Every entry, from first to last, is to be retyped without any alteration.

* _TASK DATA_:
------------------------------

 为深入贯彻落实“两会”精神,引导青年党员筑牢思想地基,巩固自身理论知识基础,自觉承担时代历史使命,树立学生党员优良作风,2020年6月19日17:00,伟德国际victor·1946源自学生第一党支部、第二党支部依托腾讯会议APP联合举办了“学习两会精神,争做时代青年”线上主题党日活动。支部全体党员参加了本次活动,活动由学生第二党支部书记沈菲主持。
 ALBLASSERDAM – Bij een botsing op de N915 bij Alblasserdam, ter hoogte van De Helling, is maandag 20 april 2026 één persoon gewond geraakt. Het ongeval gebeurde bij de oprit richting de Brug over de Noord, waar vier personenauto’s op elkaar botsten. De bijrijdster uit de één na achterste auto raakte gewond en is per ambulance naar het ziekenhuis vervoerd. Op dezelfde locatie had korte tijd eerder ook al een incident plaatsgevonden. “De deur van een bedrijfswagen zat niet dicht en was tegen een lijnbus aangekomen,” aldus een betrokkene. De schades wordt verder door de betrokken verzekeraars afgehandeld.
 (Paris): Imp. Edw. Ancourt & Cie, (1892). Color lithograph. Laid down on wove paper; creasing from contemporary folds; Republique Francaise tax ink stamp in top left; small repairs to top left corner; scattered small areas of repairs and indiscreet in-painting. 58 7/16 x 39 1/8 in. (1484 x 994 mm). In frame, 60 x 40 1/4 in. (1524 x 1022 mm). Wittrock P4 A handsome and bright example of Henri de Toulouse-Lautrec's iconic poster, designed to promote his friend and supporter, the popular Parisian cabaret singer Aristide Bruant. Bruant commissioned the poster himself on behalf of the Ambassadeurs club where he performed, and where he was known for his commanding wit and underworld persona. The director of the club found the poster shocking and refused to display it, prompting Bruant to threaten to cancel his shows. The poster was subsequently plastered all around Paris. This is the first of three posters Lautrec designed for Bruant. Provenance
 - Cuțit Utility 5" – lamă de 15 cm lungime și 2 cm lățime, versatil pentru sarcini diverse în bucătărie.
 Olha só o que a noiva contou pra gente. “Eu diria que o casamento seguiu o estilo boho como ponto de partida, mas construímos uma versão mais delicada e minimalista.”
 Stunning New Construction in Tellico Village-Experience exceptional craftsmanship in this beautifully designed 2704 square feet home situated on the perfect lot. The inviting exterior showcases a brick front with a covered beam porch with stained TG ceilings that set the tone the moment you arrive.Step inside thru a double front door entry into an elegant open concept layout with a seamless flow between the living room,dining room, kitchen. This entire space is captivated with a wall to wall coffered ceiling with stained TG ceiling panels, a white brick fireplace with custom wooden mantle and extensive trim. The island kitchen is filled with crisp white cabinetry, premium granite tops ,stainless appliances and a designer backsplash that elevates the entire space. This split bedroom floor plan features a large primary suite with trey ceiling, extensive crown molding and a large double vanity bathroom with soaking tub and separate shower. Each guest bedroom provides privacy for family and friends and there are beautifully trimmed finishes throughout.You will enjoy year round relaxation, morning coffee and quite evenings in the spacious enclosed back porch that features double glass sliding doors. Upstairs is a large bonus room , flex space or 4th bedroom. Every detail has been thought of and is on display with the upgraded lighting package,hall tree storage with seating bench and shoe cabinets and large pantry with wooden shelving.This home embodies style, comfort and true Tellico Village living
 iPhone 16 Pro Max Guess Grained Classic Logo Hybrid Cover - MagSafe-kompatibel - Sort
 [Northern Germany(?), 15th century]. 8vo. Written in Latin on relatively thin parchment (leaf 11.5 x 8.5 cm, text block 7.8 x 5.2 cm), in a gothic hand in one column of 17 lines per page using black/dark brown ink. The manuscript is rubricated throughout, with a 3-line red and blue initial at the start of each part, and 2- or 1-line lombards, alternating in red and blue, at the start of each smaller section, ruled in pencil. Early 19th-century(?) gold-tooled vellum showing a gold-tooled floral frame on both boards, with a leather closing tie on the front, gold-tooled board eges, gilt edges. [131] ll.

------------------------------

* _ANSWER FOR THE TASK_:
 为深入贯彻落实“两会”精神,引导青年党员筑牢思想地基,巩固自身理论知识基础,自觉承担时代历史使命,树立学生党员优良作风,2020年6月19日17:00,伟德国际victor·1946源自学生第一党支部、第二党支部依托腾讯会议APP联合举办了“学习两会精神,争做时代青年”线上主题党日活动。支部全体党员参加了本次活动,活动由学生第二党支部书记沈菲主持。
 ALBLASSERDAM – Bij een botsing op de N915 bij Alblasserdam, ter hoogte van De Helling, is maandag 20 april 2026 één persoon gewond geraakt. Het ongeval gebeurde bij de oprit richting de Brug over de Noord, waar vier personenauto’s op elkaar botsten. De bijrijdster uit de één na achterste auto raakte gewond en is per ambulance naar het ziekenhuis vervoerd. Op dezelfde locatie had korte tijd eerder ook al een incident plaatsgevonden. “De deur van een bedrijfswagen zat niet dicht en was tegen een lijnbus aangekomen,” aldus een betrokkene. De schades wordt verder door de betrokken verzekeraars afgehandeld.
 (Paris): Imp. Edw. Ancourt & Cie, (1892). Color lithograph. Laid down on wove paper; creasing from contemporary folds; Republique Francaise tax ink stamp in top left; small repairs to top left corner; scattered small areas of repairs and indiscreet in-painting. 58 7/16 x 39 1/8 in. (1484 x 994 mm). In frame, 60 x 40 1/4 in. (1524 x 1022 mm). Wittrock P4 A handsome and bright example of Henri de Toulouse-Lautrec's iconic poster, designed to promote his friend and supporter, the popular Parisian cabaret singer Aristide Bruant. Bruant commissioned the poster himself on behalf of the Ambassadeurs club where he performed, and where he was known for his commanding wit and underworld persona. The director of the club found the poster shocking and refused to display it, prompting Bruant to threaten to cancel his shows. The poster was subsequently plastered all around Paris. This is the first of three posters Lautrec designed for Bruant. Provenance
 - Cuțit Utility 5" – lamă de 15 cm lungime și 2 cm lățime, versatil pentru sarcini diverse în bucătărie.
 Olha só o que a noiva contou pra gente. “Eu diria que o casamento seguiu o estilo boho como ponto de partida, mas construímos uma versão mais delicada e minimalista.”
 Stunning New Construction in Tellico Village-Experience exceptional craftsmanship in this beautifully designed 2704 square feet home situated on the perfect lot. The inviting exterior showcases a brick front with a covered beam porch with stained TG ceilings that set the tone the moment you arrive.Step inside thru a double front door entry into an elegant open concept layout with a seamless flow between the living room,dining room, kitchen. This entire space is captivated with a wall to wall coffered ceiling with stained TG ceiling panels, a white brick fireplace with custom wooden mantle and extensive trim. The island kitchen is filled with crisp white cabinetry, premium granite tops ,stainless appliances and a designer backsplash that elevates the entire space. This split bedroom floor plan features a large primary suite with trey ceiling, extensive crown molding and a large double vanity bathroom with soaking tub and separate shower. Each guest bedroom provides privacy for family and friends and there are beautifully trimmed finishes throughout.You will enjoy year round relaxation, morning coffee and quite evenings in the spacious enclosed back porch that features double glass sliding doors. Upstairs is a large bonus room , flex space or 4th bedroom. Every detail has been thought of and is on display with the upgraded lighting package,hall tree storage with seating bench and shoe cabinets and large pantry with wooden shelving.This home embodies style, comfort and true Tellico Village living
 iPhone 16 Pro Max Guess Grained Classic Logo Hybrid Cover - MagSafe-kompatibel - Sort
 [Northern Germany(?), 15th century]. 8vo. Written in Latin on relatively thin parchment (leaf 11.5 x 8.5 cm, text block 7.8 x 5.2 cm), in a gothic hand in one column of 17 lines per page using black/dark brown ink. The manuscript is rubricated throughout, with a 3-line red and blue initial at the start of each part, and 2- or 1-line lombards, alternating in red and blue, at the start of each smaller section, ruled in pencil. Early 19th-century(?) gold-tooled vellum showing a gold-tooled floral frame on both boards, with a leather closing tie on the front, gold-tooled board eges, gilt edges. [131] ll.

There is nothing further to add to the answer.